This is some very good information for you to know if you are concerned about health and wellness. Quoted to below.
- Avoid placing hot food or liquids in plastic containers. Use glass, ceramic or stainless-steel containers instead. Heating plastics to high temperatures promotes the leaching of chemicals out of containers and into the food or liquid they hold. (Freezing liquids in plastic bottles, incidentally, poses no such risk. Contrary to recent online reports that claimed freezing water releases carcinogenic materials into water, freezing actually retards the release of chemicals.)
- When heating food in a microwave oven, use only cookware that is labeled “microwave safe.”
- Remove food from plastic wrapping before thawing or reheating in a microwave.
- Buy products in cardboard cartons instead of plastic containers.

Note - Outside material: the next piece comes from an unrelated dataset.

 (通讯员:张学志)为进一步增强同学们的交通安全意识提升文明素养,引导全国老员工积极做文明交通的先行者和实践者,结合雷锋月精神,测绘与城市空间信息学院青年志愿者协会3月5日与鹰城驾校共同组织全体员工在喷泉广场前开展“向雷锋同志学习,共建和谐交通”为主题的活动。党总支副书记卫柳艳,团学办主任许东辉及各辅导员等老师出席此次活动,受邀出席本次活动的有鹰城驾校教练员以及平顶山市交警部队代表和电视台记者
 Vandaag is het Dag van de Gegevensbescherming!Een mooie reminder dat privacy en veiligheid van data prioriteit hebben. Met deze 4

- Check recycling codes on the bottom of store packages for clues about plastics components you may want to avoid: Recycling code 3 may indicate the product contains a type of phthalate known as DEHA. Recycling code 7 may mean the product contains BPA.

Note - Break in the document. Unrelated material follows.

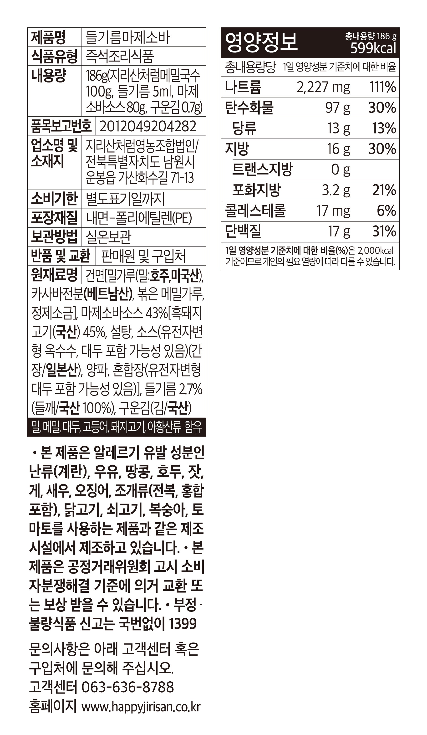 | 포장단위별 내용물의 용량(중량), 수량 | 186g x 1개입 x 2개 | 원재료명 및 함량 | 컨텐츠 참조 |
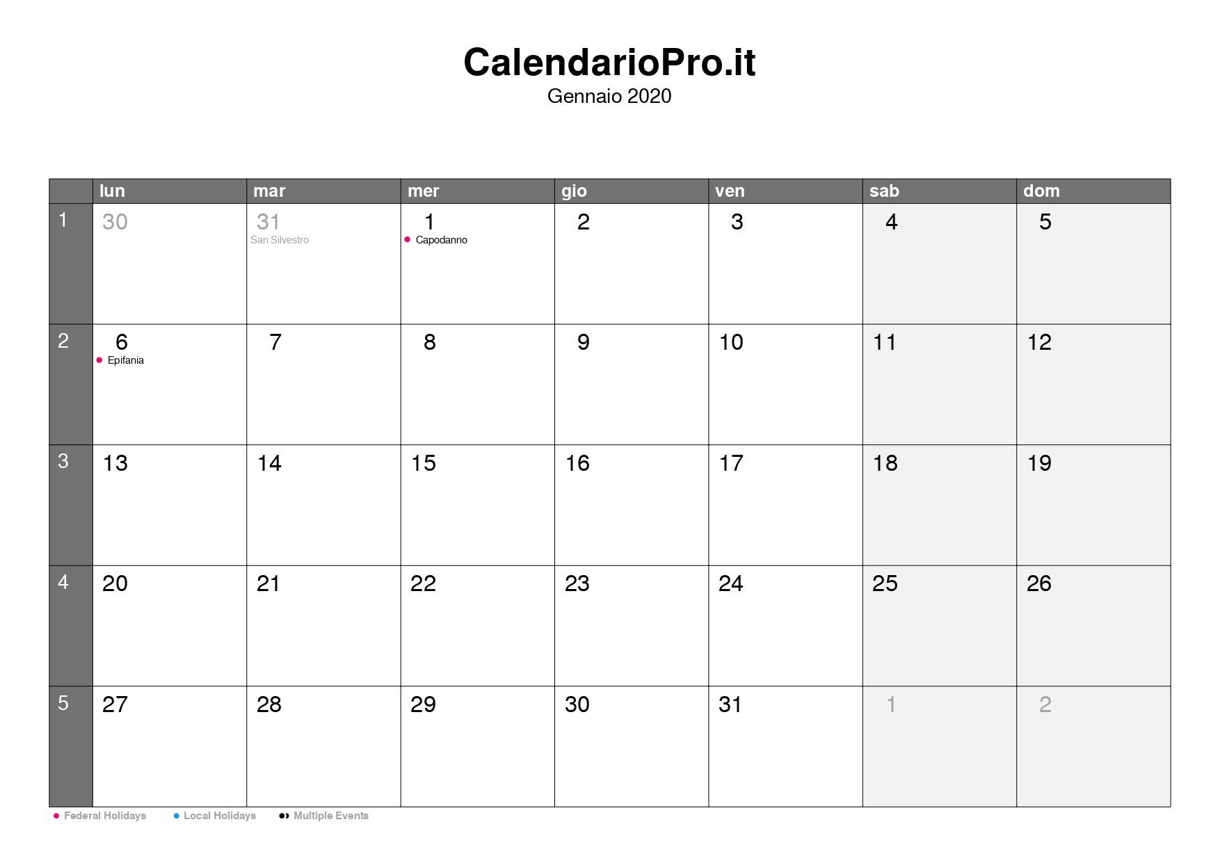 Questo calendario di gennaio 2020 è utile per vedere rapidamente quando cadono vacanze, giorni liberi o appuntamenti importanti.

- Look for toys, baby bottles and containers claiming to be BPA-free. There’s been a recent explosion of such products, many of them priced higher than standard products. There is also a growing industry of third-party certifiers to test such claims. Gerber’s Clearview Bottles are BPA-free; a three-pack costs about $3 at Target.

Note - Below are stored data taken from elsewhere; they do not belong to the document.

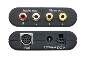 - IVA-2010 adaptér pre iPod alebo iPhone umožňuje prenášať videosignál do ľubovolného monitora (žltý CINCH), súčasne so zvukom ktorý môže byť prehrávaný reproduktormi automobilu.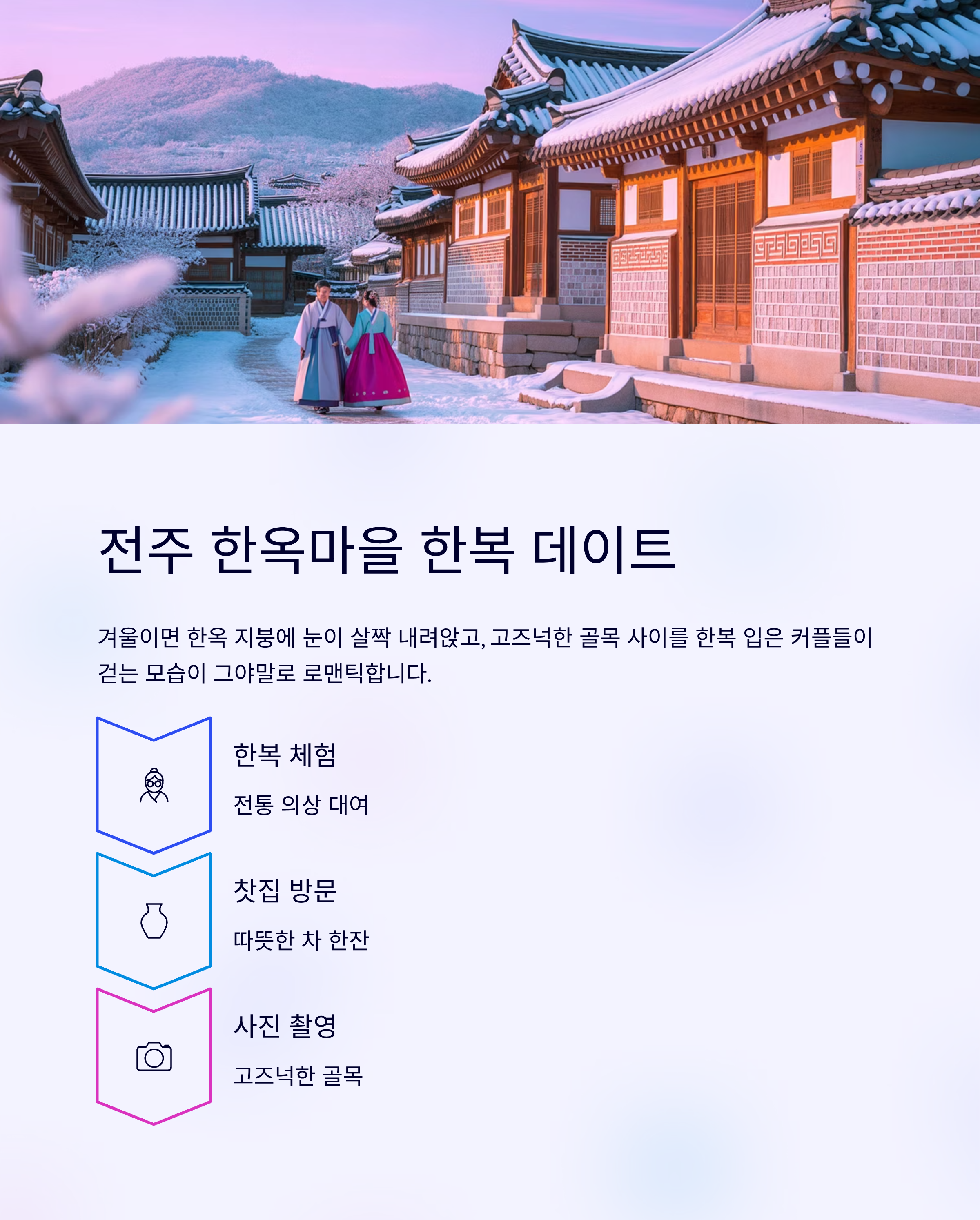 겨울이면 한옥 지붕에 눈이 살짝 내려앉고, 고즈넉한 골목 사이를 한복 입은 커플들이 걷는 모습이 그야말로 로맨틱합니다.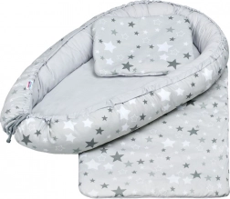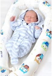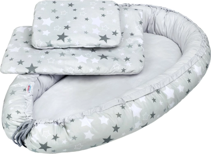 Luksuzno dječje gnijezdo NEW BABY stvara ugodno i zaštićeno okruženje koje novorođenčadi podsjeća na osjećaj sigurnosti iz mamine utrobe. Zahvaljujući kompaktnim dimenzijama lako ga premjestite iz kreveta u kolica ili na kauč, pa beba može odmarati uvijek u vašoj blizini.

- Reduce your use of canned food; eat fresh or frozen foods instead. Bisphenol A has been found in the lining of canned food tins.
- Reduce your use of polycarbonate and polyvinyl chloride (PVC) plastics, both of which contain BPA. Choose alternatives such as polyethylene plastic (also labeled PETE) and containers marked with recycling code 1, 2 (HDPE) and 4 (LDPE). Polypropylene (recycling code 5, or PP) is also considered a safe choice.
- If you use hard polycarbonate plastics (Nalgene bottles, baby bottles, sippy cups), do not heat them or use them for warm or hot liquids.
- Do not wash polycarbonate plastic containers in the dishwasher with harsh detergents.
- Look for phthalate-free toys or those approved by the European Union.
- Do not microwave or heat plastic wraps. Those that are labeled “microwave safe” should be placed loosely over containers. Make sure they do not touch the food.
- Choose personal-care products that do not contain synthetic fragrance. While the Food and Drug Administration requires the listing of ingredients on cosmetic products sold in retail stores, it does not require the listing of individual fragrance ingredients.
- Check the labels of nail polish. The FDA requires that phthalates be listed unless they are a fragrance ingredient. Phthalates are used in some nail polishes to reduce cracking.